Faithfully repeat all of the records, as they are written below.

(INFORMATION Opens)

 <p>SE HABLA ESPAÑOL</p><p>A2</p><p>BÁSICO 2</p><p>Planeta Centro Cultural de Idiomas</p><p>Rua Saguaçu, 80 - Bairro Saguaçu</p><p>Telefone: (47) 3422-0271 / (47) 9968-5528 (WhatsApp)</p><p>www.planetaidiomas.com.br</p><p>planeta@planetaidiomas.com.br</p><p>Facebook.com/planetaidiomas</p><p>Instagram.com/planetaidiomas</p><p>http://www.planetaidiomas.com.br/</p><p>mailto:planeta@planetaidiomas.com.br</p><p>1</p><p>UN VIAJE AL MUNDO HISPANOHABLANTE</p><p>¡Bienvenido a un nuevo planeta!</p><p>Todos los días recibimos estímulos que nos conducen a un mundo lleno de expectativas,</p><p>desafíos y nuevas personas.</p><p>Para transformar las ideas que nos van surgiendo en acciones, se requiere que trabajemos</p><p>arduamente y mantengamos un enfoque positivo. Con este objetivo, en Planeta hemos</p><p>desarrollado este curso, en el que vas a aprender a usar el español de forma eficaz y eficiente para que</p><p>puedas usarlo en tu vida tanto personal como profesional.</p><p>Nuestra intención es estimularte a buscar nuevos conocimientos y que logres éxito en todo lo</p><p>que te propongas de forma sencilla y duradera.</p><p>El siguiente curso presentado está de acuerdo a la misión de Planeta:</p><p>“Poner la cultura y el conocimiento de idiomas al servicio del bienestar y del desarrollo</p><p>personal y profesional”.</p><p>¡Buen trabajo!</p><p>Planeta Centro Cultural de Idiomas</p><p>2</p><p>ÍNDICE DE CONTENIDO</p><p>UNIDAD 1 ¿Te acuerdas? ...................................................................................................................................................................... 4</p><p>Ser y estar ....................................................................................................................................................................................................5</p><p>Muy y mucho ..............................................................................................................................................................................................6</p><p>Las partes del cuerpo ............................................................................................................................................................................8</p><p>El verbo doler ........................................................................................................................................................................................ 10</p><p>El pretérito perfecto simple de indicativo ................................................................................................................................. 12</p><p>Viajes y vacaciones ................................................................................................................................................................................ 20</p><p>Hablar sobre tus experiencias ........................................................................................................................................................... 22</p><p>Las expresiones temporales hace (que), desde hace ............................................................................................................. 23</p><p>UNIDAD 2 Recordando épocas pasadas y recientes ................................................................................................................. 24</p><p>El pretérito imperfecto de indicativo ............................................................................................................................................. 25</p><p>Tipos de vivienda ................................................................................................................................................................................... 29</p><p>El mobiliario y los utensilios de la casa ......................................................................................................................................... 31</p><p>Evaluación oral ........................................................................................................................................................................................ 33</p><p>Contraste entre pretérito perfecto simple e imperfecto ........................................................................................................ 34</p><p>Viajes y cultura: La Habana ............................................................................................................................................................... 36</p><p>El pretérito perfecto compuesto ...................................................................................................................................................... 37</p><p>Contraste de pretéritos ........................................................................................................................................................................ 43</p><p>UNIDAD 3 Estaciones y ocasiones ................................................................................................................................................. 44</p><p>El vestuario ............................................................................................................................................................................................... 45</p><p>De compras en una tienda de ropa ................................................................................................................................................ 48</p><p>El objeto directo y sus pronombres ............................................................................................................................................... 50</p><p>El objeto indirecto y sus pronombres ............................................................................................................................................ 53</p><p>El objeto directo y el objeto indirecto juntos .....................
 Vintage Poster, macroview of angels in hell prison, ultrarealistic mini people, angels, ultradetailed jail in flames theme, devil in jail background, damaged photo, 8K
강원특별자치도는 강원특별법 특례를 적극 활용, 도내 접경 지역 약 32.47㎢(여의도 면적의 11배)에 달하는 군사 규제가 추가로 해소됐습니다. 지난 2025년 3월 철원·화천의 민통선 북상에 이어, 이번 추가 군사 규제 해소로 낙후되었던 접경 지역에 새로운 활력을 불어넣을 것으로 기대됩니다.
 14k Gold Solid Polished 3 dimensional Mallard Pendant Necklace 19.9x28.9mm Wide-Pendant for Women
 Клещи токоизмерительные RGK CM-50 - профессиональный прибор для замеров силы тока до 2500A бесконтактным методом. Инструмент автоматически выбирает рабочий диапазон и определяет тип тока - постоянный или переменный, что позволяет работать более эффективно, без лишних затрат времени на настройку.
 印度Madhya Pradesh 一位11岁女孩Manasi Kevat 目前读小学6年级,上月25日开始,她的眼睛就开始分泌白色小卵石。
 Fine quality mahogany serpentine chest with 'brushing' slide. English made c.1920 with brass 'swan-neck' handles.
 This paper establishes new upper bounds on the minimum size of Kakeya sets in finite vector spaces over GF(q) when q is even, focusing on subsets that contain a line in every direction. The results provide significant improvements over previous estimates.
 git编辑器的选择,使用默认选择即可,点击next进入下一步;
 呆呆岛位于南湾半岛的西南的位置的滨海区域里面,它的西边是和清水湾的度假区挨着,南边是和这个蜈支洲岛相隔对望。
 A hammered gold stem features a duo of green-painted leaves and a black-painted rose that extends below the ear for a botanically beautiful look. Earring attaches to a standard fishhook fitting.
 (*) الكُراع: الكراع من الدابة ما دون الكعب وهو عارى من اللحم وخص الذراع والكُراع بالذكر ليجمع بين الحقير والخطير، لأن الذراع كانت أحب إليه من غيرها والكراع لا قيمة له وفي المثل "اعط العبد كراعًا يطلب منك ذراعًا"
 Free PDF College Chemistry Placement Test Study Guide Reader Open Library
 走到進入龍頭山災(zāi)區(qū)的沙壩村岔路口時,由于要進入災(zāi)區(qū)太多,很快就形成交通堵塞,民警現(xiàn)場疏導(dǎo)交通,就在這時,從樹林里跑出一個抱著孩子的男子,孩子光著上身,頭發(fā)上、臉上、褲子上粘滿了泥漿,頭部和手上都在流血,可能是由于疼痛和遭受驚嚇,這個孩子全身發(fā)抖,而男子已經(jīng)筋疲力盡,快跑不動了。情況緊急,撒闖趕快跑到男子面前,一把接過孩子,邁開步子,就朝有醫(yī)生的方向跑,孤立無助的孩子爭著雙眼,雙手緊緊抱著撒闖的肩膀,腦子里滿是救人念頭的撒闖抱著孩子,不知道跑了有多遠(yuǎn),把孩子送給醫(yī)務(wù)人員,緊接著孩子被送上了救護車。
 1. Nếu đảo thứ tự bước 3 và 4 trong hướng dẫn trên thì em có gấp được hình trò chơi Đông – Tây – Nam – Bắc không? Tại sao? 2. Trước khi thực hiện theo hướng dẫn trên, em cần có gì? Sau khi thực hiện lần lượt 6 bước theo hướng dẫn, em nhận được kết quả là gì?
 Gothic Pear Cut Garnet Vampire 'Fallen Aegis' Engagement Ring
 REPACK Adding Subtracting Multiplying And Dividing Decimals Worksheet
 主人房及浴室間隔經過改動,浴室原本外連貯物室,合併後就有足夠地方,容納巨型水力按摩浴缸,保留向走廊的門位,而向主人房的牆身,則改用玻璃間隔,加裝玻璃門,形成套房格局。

(INFORMATION Closes)

THE COMPLETED TASK
 <p>SE HABLA ESPAÑOL</p><p>A2</p><p>BÁSICO 2</p><p>Planeta Centro Cultural de Idiomas</p><p>Rua Saguaçu, 80 - Bairro Saguaçu</p><p>Telefone: (47) 3422-0271 / (47) 9968-5528 (WhatsApp)</p><p>www.planetaidiomas.com.br</p><p>planeta@planetaidiomas.com.br</p><p>Facebook.com/planetaidiomas</p><p>Instagram.com/planetaidiomas</p><p>http://www.planetaidiomas.com.br/</p><p>mailto:planeta@planetaidiomas.com.br</p><p>1</p><p>UN VIAJE AL MUNDO HISPANOHABLANTE</p><p>¡Bienvenido a un nuevo planeta!</p><p>Todos los días recibimos estímulos que nos conducen a un mundo lleno de expectativas,</p><p>desafíos y nuevas personas.</p><p>Para transformar las ideas que nos van surgiendo en acciones, se requiere que trabajemos</p><p>arduamente y mantengamos un enfoque positivo. Con este objetivo, en Planeta hemos</p><p>desarrollado este curso, en el que vas a aprender a usar el español de forma eficaz y eficiente para que</p><p>puedas usarlo en tu vida tanto personal como profesional.</p><p>Nuestra intención es estimularte a buscar nuevos conocimientos y que logres éxito en todo lo</p><p>que te propongas de forma sencilla y duradera.</p><p>El siguiente curso presentado está de acuerdo a la misión de Planeta:</p><p>“Poner la cultura y el conocimiento de idiomas al servicio del bienestar y del desarrollo</p><p>personal y profesional”.</p><p>¡Buen trabajo!</p><p>Planeta Centro Cultural de Idiomas</p><p>2</p><p>ÍNDICE DE CONTENIDO</p><p>UNIDAD 1 ¿Te acuerdas? ...................................................................................................................................................................... 4</p><p>Ser y estar ....................................................................................................................................................................................................5</p><p>Muy y mucho ..............................................................................................................................................................................................6</p><p>Las partes del cuerpo ............................................................................................................................................................................8</p><p>El verbo doler ........................................................................................................................................................................................ 10</p><p>El pretérito perfecto simple de indicativo ................................................................................................................................. 12</p><p>Viajes y vacaciones ................................................................................................................................................................................ 20</p><p>Hablar sobre tus experiencias ........................................................................................................................................................... 22</p><p>Las expresiones temporales hace (que), desde hace ............................................................................................................. 23</p><p>UNIDAD 2 Recordando épocas pasadas y recientes ................................................................................................................. 24</p><p>El pretérito imperfecto de indicativo ............................................................................................................................................. 25</p><p>Tipos de vivienda ................................................................................................................................................................................... 29</p><p>El mobiliario y los utensilios de la casa ......................................................................................................................................... 31</p><p>Evaluación oral ........................................................................................................................................................................................ 33</p><p>Contraste entre pretérito perfecto simple e imperfecto ........................................................................................................ 34</p><p>Viajes y cultura: La Habana ............................................................................................................................................................... 36</p><p>El pretérito perfecto compuesto ...................................................................................................................................................... 37</p><p>Contraste de pretéritos ........................................................................................................................................................................ 43</p><p>UNIDAD 3 Estaciones y ocasiones ................................................................................................................................................. 44</p><p>El vestuario ............................................................................................................................................................................................... 45</p><p>De compras en una tienda de ropa ................................................................................................................................................ 48</p><p>El objeto directo y sus pronombres ............................................................................................................................................... 50</p><p>El objeto indirecto y sus pronombres ............................................................................................................................................ 53</p><p>El objeto directo y el objeto indirecto juntos .....................
 Vintage Poster, macroview of angels in hell prison, ultrarealistic mini people, angels, ultradetailed jail in flames theme, devil in jail background, damaged photo, 8K
강원특별자치도는 강원특별법 특례를 적극 활용, 도내 접경 지역 약 32.47㎢(여의도 면적의 11배)에 달하는 군사 규제가 추가로 해소됐습니다. 지난 2025년 3월 철원·화천의 민통선 북상에 이어, 이번 추가 군사 규제 해소로 낙후되었던 접경 지역에 새로운 활력을 불어넣을 것으로 기대됩니다.
 14k Gold Solid Polished 3 dimensional Mallard Pendant Necklace 19.9x28.9mm Wide-Pendant for Women
 Клещи токоизмерительные RGK CM-50 - профессиональный прибор для замеров силы тока до 2500A бесконтактным методом. Инструмент автоматически выбирает рабочий диапазон и определяет тип тока - постоянный или переменный, что позволяет работать более эффективно, без лишних затрат времени на настройку.
 印度Madhya Pradesh 一位11岁女孩Manasi Kevat 目前读小学6年级,上月25日开始,她的眼睛就开始分泌白色小卵石。
 Fine quality mahogany serpentine chest with 'brushing' slide. English made c.1920 with brass 'swan-neck' handles.
 This paper establishes new upper bounds on the minimum size of Kakeya sets in finite vector spaces over GF(q) when q is even, focusing on subsets that contain a line in every direction. The results provide significant improvements over previous estimates.
 git编辑器的选择,使用默认选择即可,点击next进入下一步;
 呆呆岛位于南湾半岛的西南的位置的滨海区域里面,它的西边是和清水湾的度假区挨着,南边是和这个蜈支洲岛相隔对望。
 A hammered gold stem features a duo of green-painted leaves and a black-painted rose that extends below the ear for a botanically beautiful look. Earring attaches to a standard fishhook fitting.
 (*) الكُراع: الكراع من الدابة ما دون الكعب وهو عارى من اللحم وخص الذراع والكُراع بالذكر ليجمع بين الحقير والخطير، لأن الذراع كانت أحب إليه من غيرها والكراع لا قيمة له وفي المثل "اعط العبد كراعًا يطلب منك ذراعًا"
 Free PDF College Chemistry Placement Test Study Guide Reader Open Library
 走到進入龍頭山災(zāi)區(qū)的沙壩村岔路口時,由于要進入災(zāi)區(qū)太多,很快就形成交通堵塞,民警現(xiàn)場疏導(dǎo)交通,就在這時,從樹林里跑出一個抱著孩子的男子,孩子光著上身,頭發(fā)上、臉上、褲子上粘滿了泥漿,頭部和手上都在流血,可能是由于疼痛和遭受驚嚇,這個孩子全身發(fā)抖,而男子已經(jīng)筋疲力盡,快跑不動了。情況緊急,撒闖趕快跑到男子面前,一把接過孩子,邁開步子,就朝有醫(yī)生的方向跑,孤立無助的孩子爭著雙眼,雙手緊緊抱著撒闖的肩膀,腦子里滿是救人念頭的撒闖抱著孩子,不知道跑了有多遠(yuǎn),把孩子送給醫(yī)務(wù)人員,緊接著孩子被送上了救護車。
 1. Nếu đảo thứ tự bước 3 và 4 trong hướng dẫn trên thì em có gấp được hình trò chơi Đông – Tây – Nam – Bắc không? Tại sao? 2. Trước khi thực hiện theo hướng dẫn trên, em cần có gì? Sau khi thực hiện lần lượt 6 bước theo hướng dẫn, em nhận được kết quả là gì?
 Gothic Pear Cut Garnet Vampire 'Fallen Aegis' Engagement Ring
 REPACK Adding Subtracting Multiplying And Dividing Decimals Worksheet
 主人房及浴室間隔經過改動,浴室原本外連貯物室,合併後就有足夠地方,容納巨型水力按摩浴缸,保留向走廊的門位,而向主人房的牆身,則改用玻璃間隔,加裝玻璃門,形成套房格局。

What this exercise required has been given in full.